* **What you are asked to do**: Reproduce word for word the lines of the listing from the first one through the one with "imageWomens Ski Jackets", omitting every picture.

▶

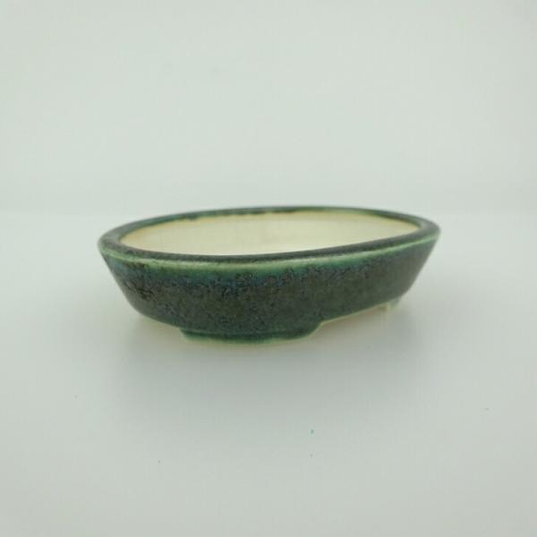 Bonsai pot, small, blue-scented, approximately 8.4cm long, oval, glazed, actual item
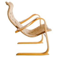 ‘Tank’ armchair, model ’37/400′, designed by Alvar Aalto in 1936. Manufactured by Artek in Finland, 1940s. Made from laminated steam-bent birch plywood, recently reupholstered in hon...
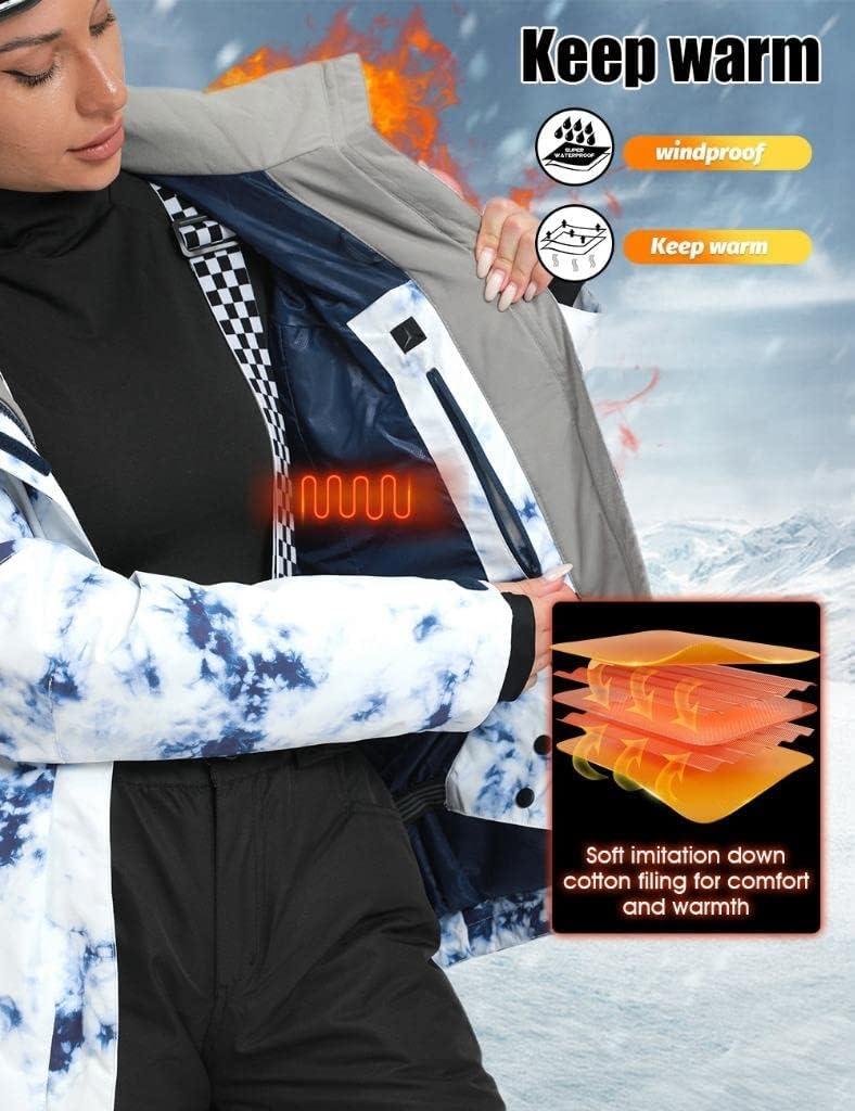 imageWomens Ski Jackets and Bib Pants Set Windproof Waterproof Insulated Snowsuit133pkwwhite
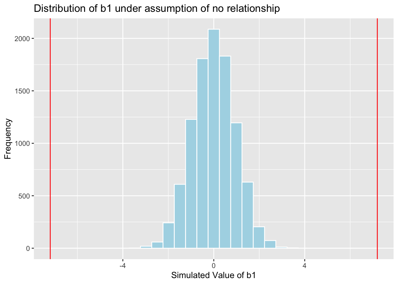 Observe how many of our simulations resulted in values of \(b_1\) as extreme as the one from the actual data. If this proportion is small, we have evidence that our result did not occur just by chance. If this value is large, it is plausible that the result we saw occurred by chance alone, and thus there is not enough evidence to say there is a relationship between the explanatory and response variables.
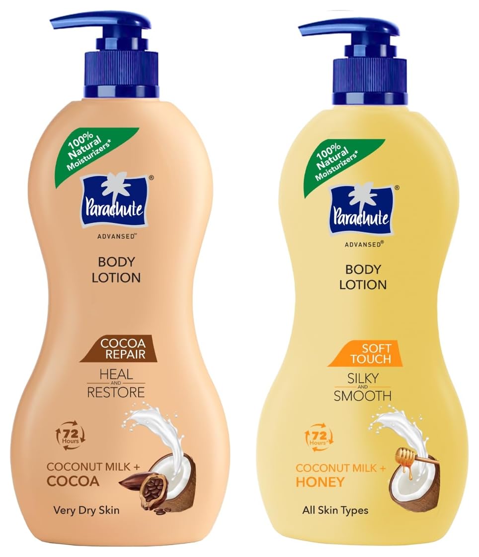 Parachute Advansed Soft Touch Body Lotion for Women & Men, All Skin types, 400ml |72h Moisturisation & Parachute Advansed Cocoa Repair Body Lotion, Intense Moisture, 400ml
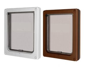 Diese Hundetür zeichnet sich besonders durch ihre robuste Konstruktion und ihre sichere Verriegelungsplatte aus. Die große Tür ist für Labradore, Schäferhunde und andere große Hunde bis zu Schulterhöhen von 63cm geeignet. Die mittelgroße Tür ist für Spaniels, Terriers, Pudel, Beagles etc. bis zu Schulterhöhen von 46cm geeignet. Die kleine Tür ist speziell für sehr große Katzen oder kleine Hunde wie etwa Yorkshire Terriers, Pekinesen, Dackel, Zwergpudel und Spaniels bis zu Schulterhöhen von 36cm konzipiert.
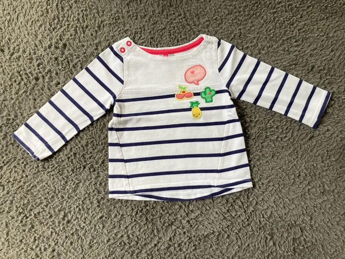 Teeshirt ML blanc et bleu marine 12 mois - photo numéro 1
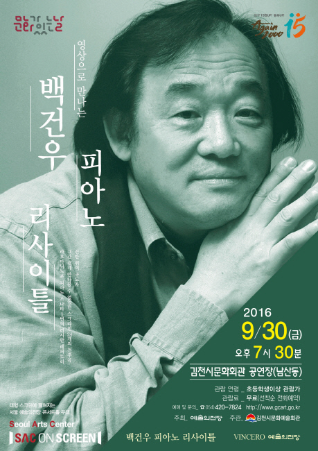 김천시문화예술회관(관장 장귀희)에서는 ‘SAC on Screen(공연영상화 사업)의 일환으로 서울 예술의 전당에서 공연한 『백건우 피아노 리사이틀』영상을 오는 9. 30(금) 오후 7시 30분 김천시립문화회관 공연장(남산동)에서 대형스크린을 통해 상영한다.
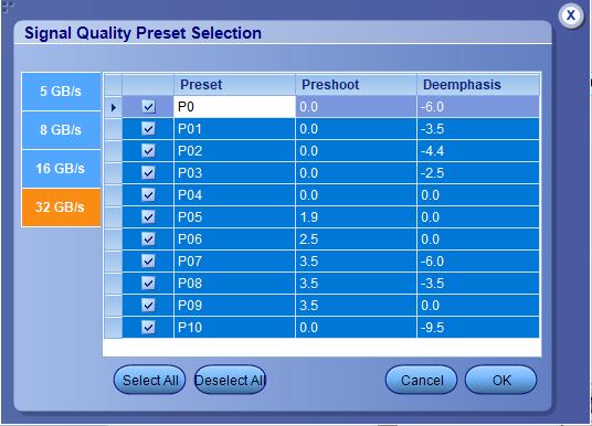 - Click Start and when the application prompts, power on the Gen4/Gen5 DUT. Ensure that the DUT transmits Gen4/Gen5 selected presets. Analysis will be done with SigTest.

◀

* **Answer to this exercise**:
 Bonsai pot, small, blue-scented, approximately 8.4cm long, oval, glazed, actual item
 ‘Tank’ armchair, model ’37/400′, designed by Alvar Aalto in 1936. Manufactured by Artek in Finland, 1940s. Made from laminated steam-bent birch plywood, recently reupholstered in hon...
 imageWomens Ski Jackets and Bib Pants Set Windproof Waterproof Insulated Snowsuit133pkwwhite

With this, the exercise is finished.